Она вытерла подбородок.
– Мирри, – повторила я. Затем добавила: – Слишком сильно реагирую?
– Вполне возможно.
– Да, ты права. Слишком сильно реагирую.
Я съела весь картофель. Осталась только хрустящая кожура. Я положила на нее еще немного масла и откусила кусочек. Затем выпила большой глоток вина. Мне не хотелось двигаться; здесь было тепло, и я была сыта и ощущала приятную усталость, а на улице ветер с шумом гулял по деревьям, машины проезжали по лужам.
– Как дела с Тони? – спросила я немного погодя.
– О… Все хорошо. Так я полагаю.
Я взглянула на нее. Она заправила свои блестящие черные волосы за уши, лицо стало совсем юным.
– Ты полагаешь? Что это значит?
– Все в порядке. Знаешь, просто иногда… – Она замялась.
– Иногда?
– Иногда мне хочется знать, что будет дальше. – Она нахмурилась и разлила остатки вина в стаканы. – Я имею в виду, что мы вместе почти уже три года. Что же, мы будем продолжать так и дальше?

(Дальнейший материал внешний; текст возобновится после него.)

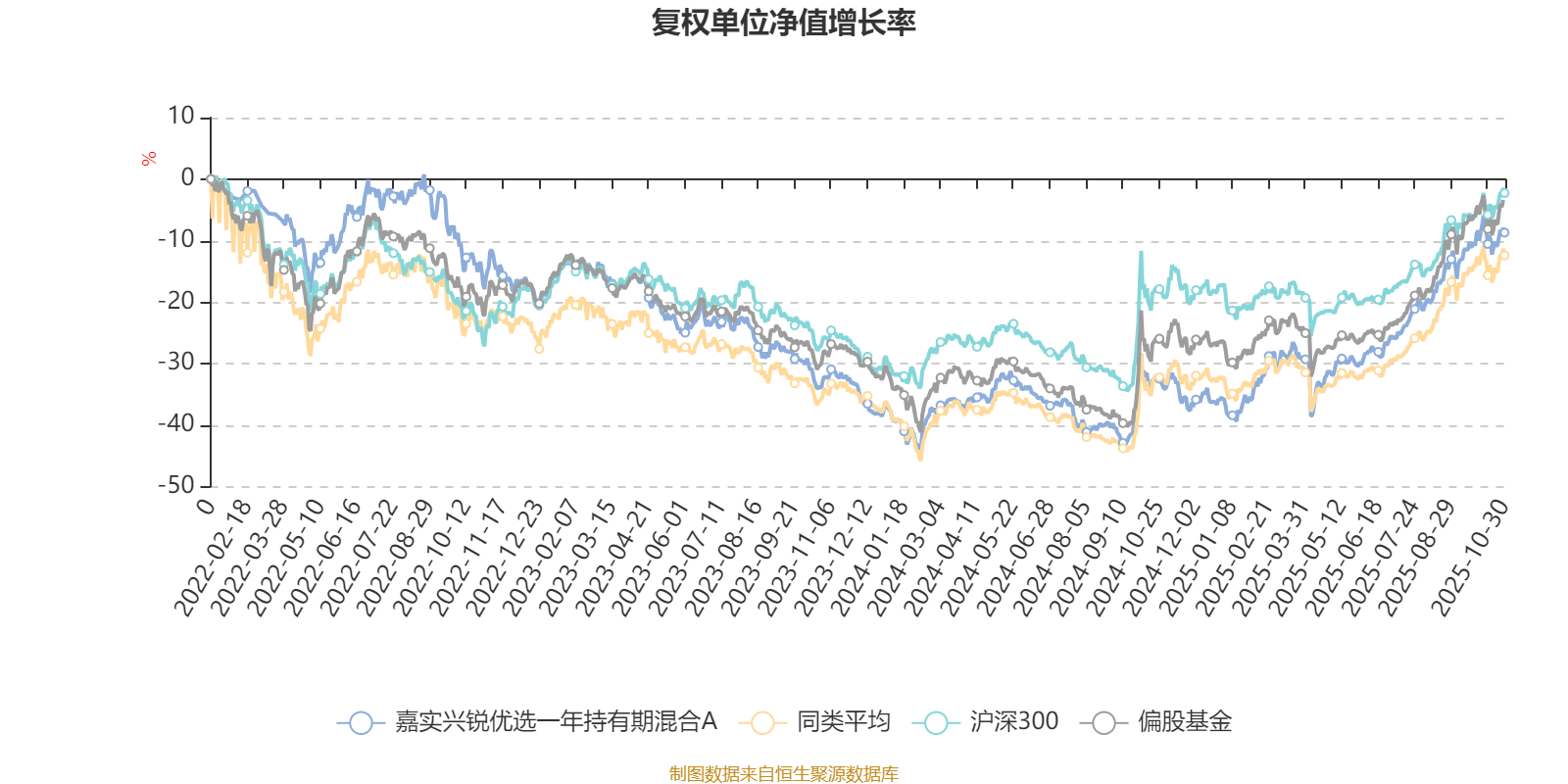 截至10月30日,嘉实兴锐优选一年持有期混合A近三个月复权单位净值增长率为14.34%,位于同类可比基金137/265;近半年复权单位净值增长率为32.21%,位于同类可比基金109/265;近一年复权单位净值增长率为38.25%,位于同类可比基金75/265;近三年复权单位净值增长率为10.19%,位于同类可比基金168/253。

По-моему, именно этого хотел бы Тони – просто продолжать в том же духе год за годом, нам так удобно друг с другом, словно мы уже давно женаты, только дома у нас разные. Или мы начинаем жить вместе – правильно, я хочу сказать. Покупаем жилье. Холодильник. Тарелки. Ставим вместе наши книги и компакт-диски. Ты знаешь. А если нет, что же мы делаем сейчас вместе? Нужно продолжать движение вперед, да?

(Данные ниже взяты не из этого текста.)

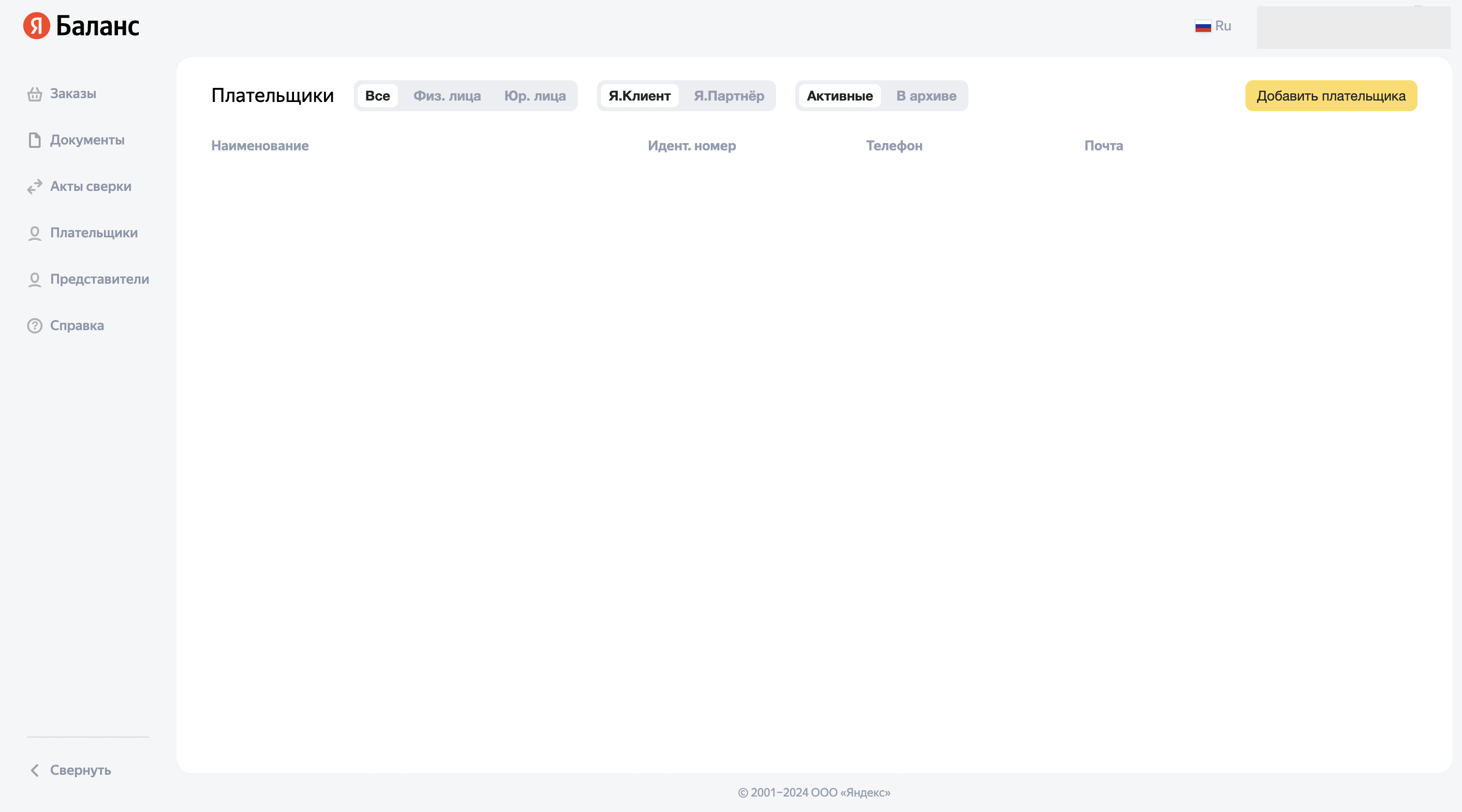 В текущей вкладке браузера открывается раздел «Плательщики» Баланса. Здесь можно отредактировать данные имеющихся плательщиков, а также добавить новых.

– Не знаю. У меня никогда не было таких продолжительных отношений.
– В том-то и дело. В твоей жизни сплошные драмы и переживания.
– У меня?
– Все начинается и все кончается.
– И вообще ничего не происходит.
– Да, – сказала она с сомнением. – Но мне только двадцать шесть. Закончилась ли эта часть моей жизни? Можно так считать?

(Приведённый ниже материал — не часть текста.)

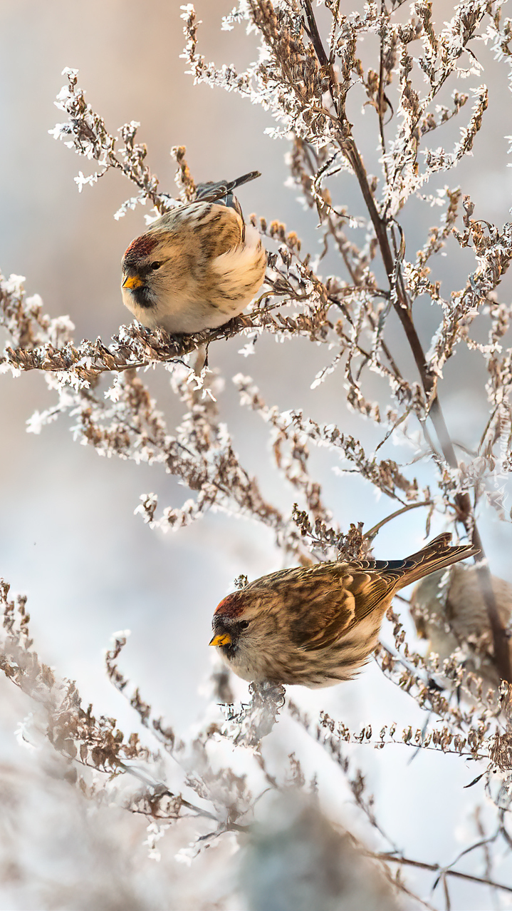 Edytor tapety: Dwie czeczotki na oszronionej roślinie

– Вы хотите съезжаться вместе?
– Ну, иногда я думаю, это было бы…
Но тут мы услышали, как в замочной скважине повернули ключ, и дверь распахнулась.
– Привет, – бодро сказал Тони, с шумом опуская сумку на пол прихожей, сбрасывая с ног сначала один ботинок, затем второй, они полетели по деревянным доскам.
Он вошел в комнату, на лбу мокрые волосы, щеки раскраснелись на свежем воздухе.
– О, Миранда, привет! Как поживаешь?
Он наклонился и поцеловал Лауру, она положила руку на его щеку и улыбнулась ему. Мне показалось, что все в порядке.
Он появился в дверях до того, как я успела припарковать свой автофургон, и уже бежал ко мне по садовой дорожке. Он не мог помахать мне, потому что в одной руке у него был полиэтиленовый пакет, набитый до отказа, а в другой он держал свой ранец, лицо сияло, он широко улыбался и что-то говорил мне, а я не могла ничего услышать. Он зацепился за что-то на дорожке и немного споткнулся. Ранец повис вдоль ноги, но он продолжал улыбаться и произносить какие-то слова. Иногда было больнее видеть Троя счастливым, чем в подавленном настроении.
– Здравствуй, – сказала я, а он уже открывал дверь и забирался на пассажирское сиденье, при этом пакет закрутился вокруг угловатого тела. – Как дела?
– Прекрасно. Хорошо. Правда, хорошо. – Он накинул ремни безопасности на себя и свой багаж и застегнул их. – Я учусь играть на гитаре, понимаешь? Помнишь нашу старую гитару? Я нашел ее в кладовке. Она немного растрескалась, но не думаю, что это имеет значение на данный момент. К тому же надеюсь, что смогу приготовить ужин для нас сегодня вечером, хорошо? Я захватил все, что требуется, с собой. У тебя ведь нет других планов, да?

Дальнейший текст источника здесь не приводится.